Node:Step 4, Next:Step 5, Previous:Step 3, Up:Tutorial
In the previous step, the rule that applied the XSLT
transformation had performed an implicit step. The XSLT processing
step needs XML data as its input, so it needed to first parse the
source file into XML before applying the XSLT to it. The explicit
processing step to parse raw data into XML is called
xml-load. So the same rule could be written
explicitly as the following:
<rule source-suffix=".xml" target-suffix=".html"> <xml-load annotate-with-source="no"/> <xslt stylesheet="scripts/tr04.xsl"/> </rule>
The raw data from the source file goes into the
xml-load processing step and comes out as XML data.
The XML data goes into the xslt processing step and
(in this case) comes out as XHTML XML. Finally, this XML data is
serialized and written into the target file.

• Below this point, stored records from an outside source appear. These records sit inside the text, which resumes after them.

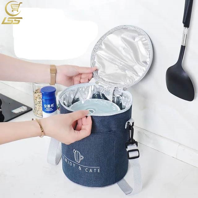 Cylindrical Round Lunch Bag Portable & Large Capacity Insulation Thermal Bag Waterproof Lunch Bag
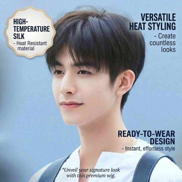 Peruca Curta Natural Masculina Estilo Coreano Com Franja Na Moda Fofa Pré-Todos Os Dias Casual
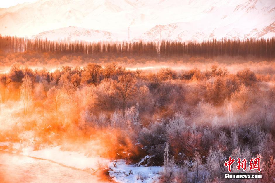 The beautiful secondary forest is shrouded by winter mist at the Kashgar River Valley in Nilka county, northwest China’s Xinjiang Uyghur autonomous region on Dec 1, 2014. With the mist still lingering around, part of the secondary forest sparkles in winter sunshine at the Kashgar River Valley in Nilka county, northwest China’s Xinjiang Uyghur autonomous region. The secondary forest in Nilka, the largest and best-reserved in Asia, covers an area of 210,000 hectares and extends 100 kilometers. The Kashgar River Valley is home to a great diversity of animals and plants. (China News Service/Chen Hualin)
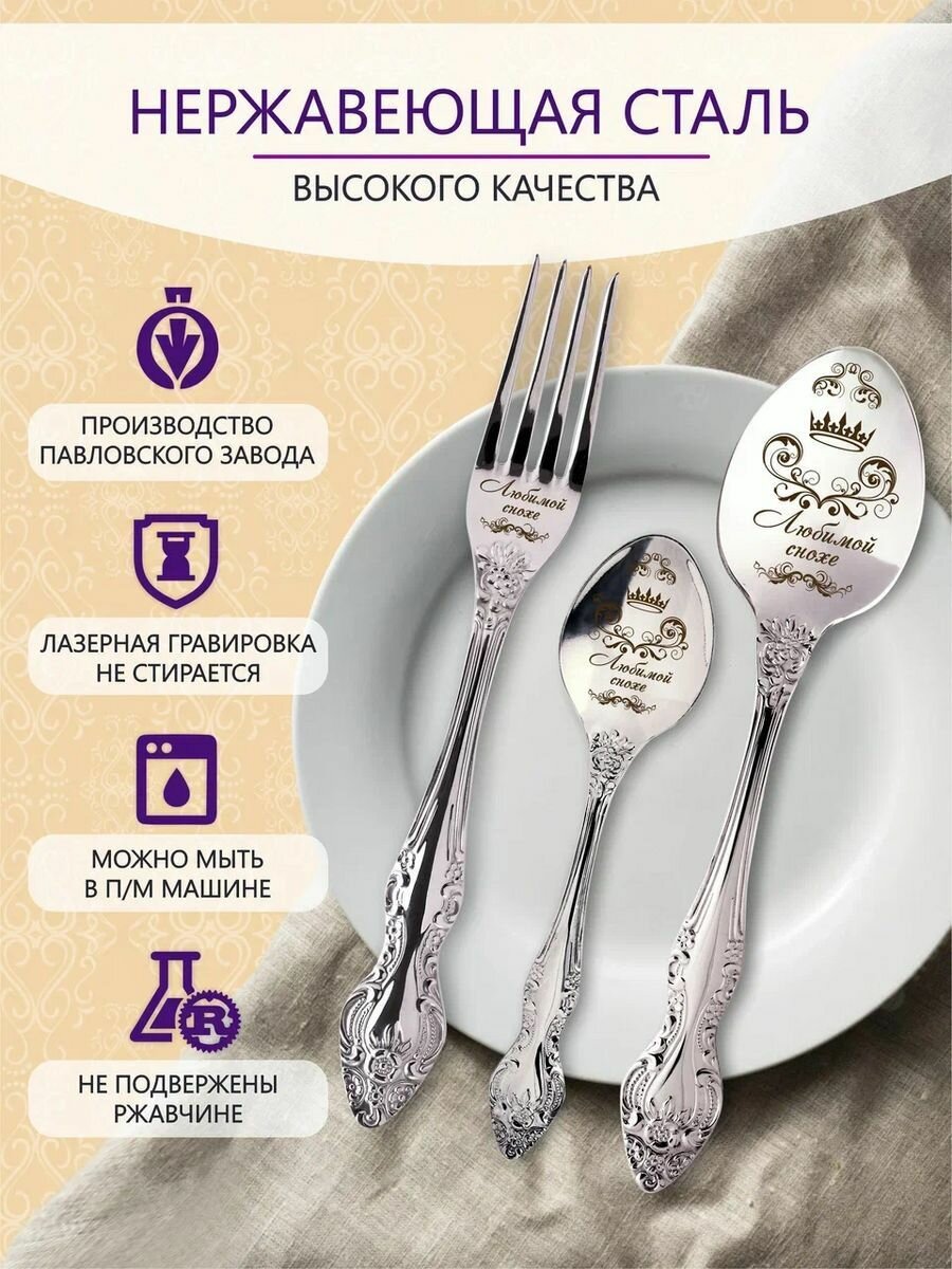 Отзывы на Именные столовые приборы набор "Любимой снохе" из нержавеющей стали на 1 персону от "Pro100laser"
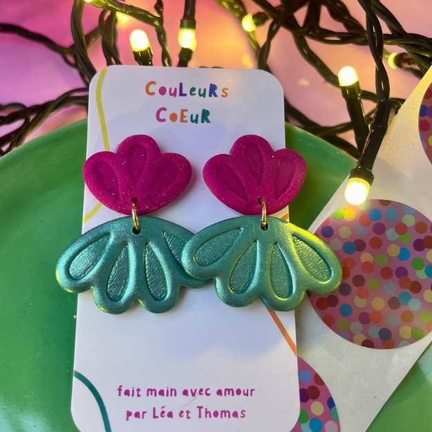 Modèle Fushia & Vert avec une texture irisée sur le côté vert.
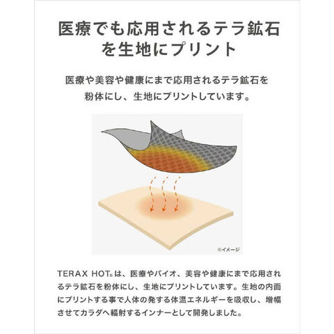 遠赤外線を放射する鉱物を生地肌面にプリント。
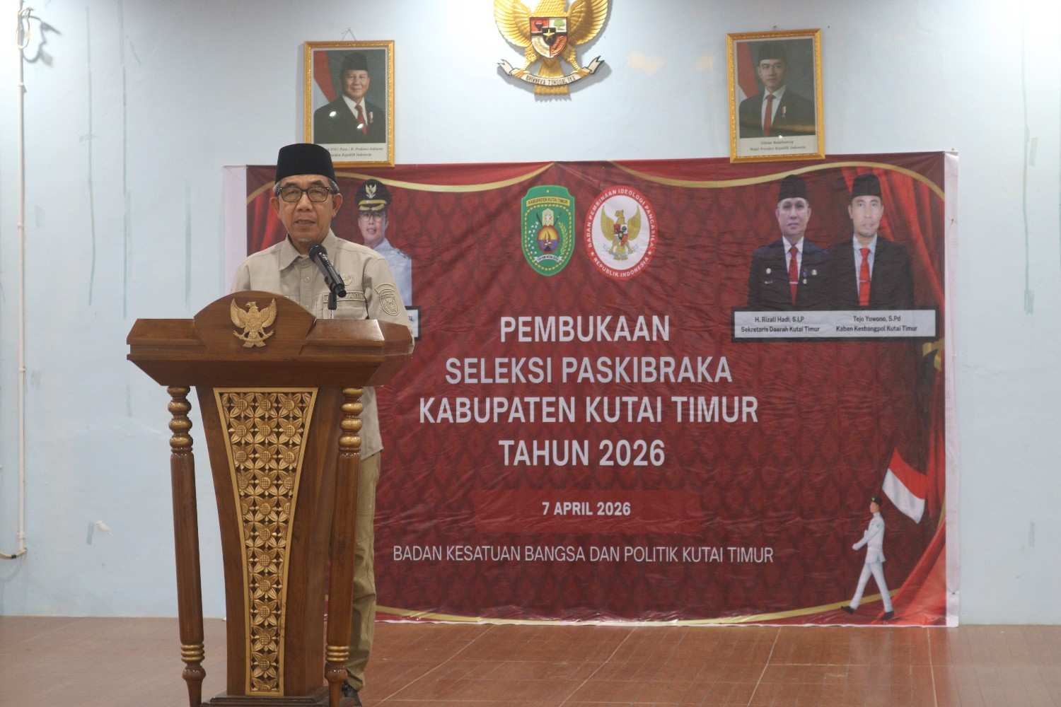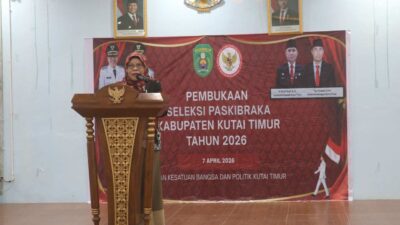 Instankaltim.com – Kutim – Badan Kesatuan Bangsa dan Politik (Kesbangpol) Kabupaten Kutai Timur (Kutim) menggelar kegiatan Pembukaan Seleksi Pasukan Pengibar Bendera Pusaka (Paskibraka) Tahun 2026 di Aula Hotel Kutai Permai, Sangatta Utara, Kutim, Selasa (07/04/2026) malam.
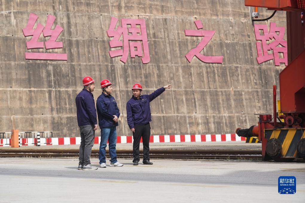 5月10日,在中哈連雲港物流合作基地,來自哈薩克斯坦的連雲港中哈國際物流有限公司副總經理阿孜(中)、業務員馬合江(左)和中方同事交流。
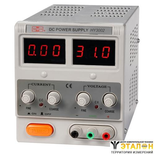 Лабораторный блок питания HY3002 обеспечивает питание электронных устройств и схем постоянным напряжением в диапазоне от 0 до 30 Вольт и током в диапазоне от 0 до 2 Ампер. Регулировка параметров осуществляется потенциометрами. Для каждого параметра отведено по два регулятора (ГРУБО / ТОЧНО). Выходные значения тока и напряжения контролируются на 3-разрядных LED-индикаторах красного цвета.
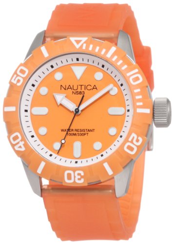 Br Slv Case, Orange Top Ring, Orange Dial, Date, Orange Silicone Strap, 44mm Case, sporty fun watch, easy to wear, colorful Quartz movement Durable mineral crystal protects watch from scratches 44 mm Stainless steel case Water resistant to 330 ft Nautica Men's N09604G South Beach Jelly NSR - 100 Watch Do not Miss!! Br Slv Case, Orange Top Ring, Orange Dial, Date, Orange Silicone Strap, 44mm Case, sporty fun watch, easy to wear, colorful Quartz movement Durable mineral crystal protects watch from scratches 44 mm Stainless steel case Water resistant to 330 ft ... Nautica Men's N09604G South Beach Jelly NSR - 100 Watch

As a bit of trivia, if you had a rule with just a single
xml-load processing step in it, the behaviour will
be similar to a straight file copy. The difference being the XML file
might not be an exact syntactical copy because of changes caused by
the XML parsing and serialization process (e.g. processing entity
references, changing character encodings, etc.) And, of course, it
will fail to work on non-XML source files.
It should be pointed out that you can have many processing steps in a rule. For example, you could load the XML, transform it with XSLT, transform that result with a different XSLT script, apply yet another XSLT script, and then save the result to the target file. See the reference section for further details. However, one XSLT script is usually sufficient.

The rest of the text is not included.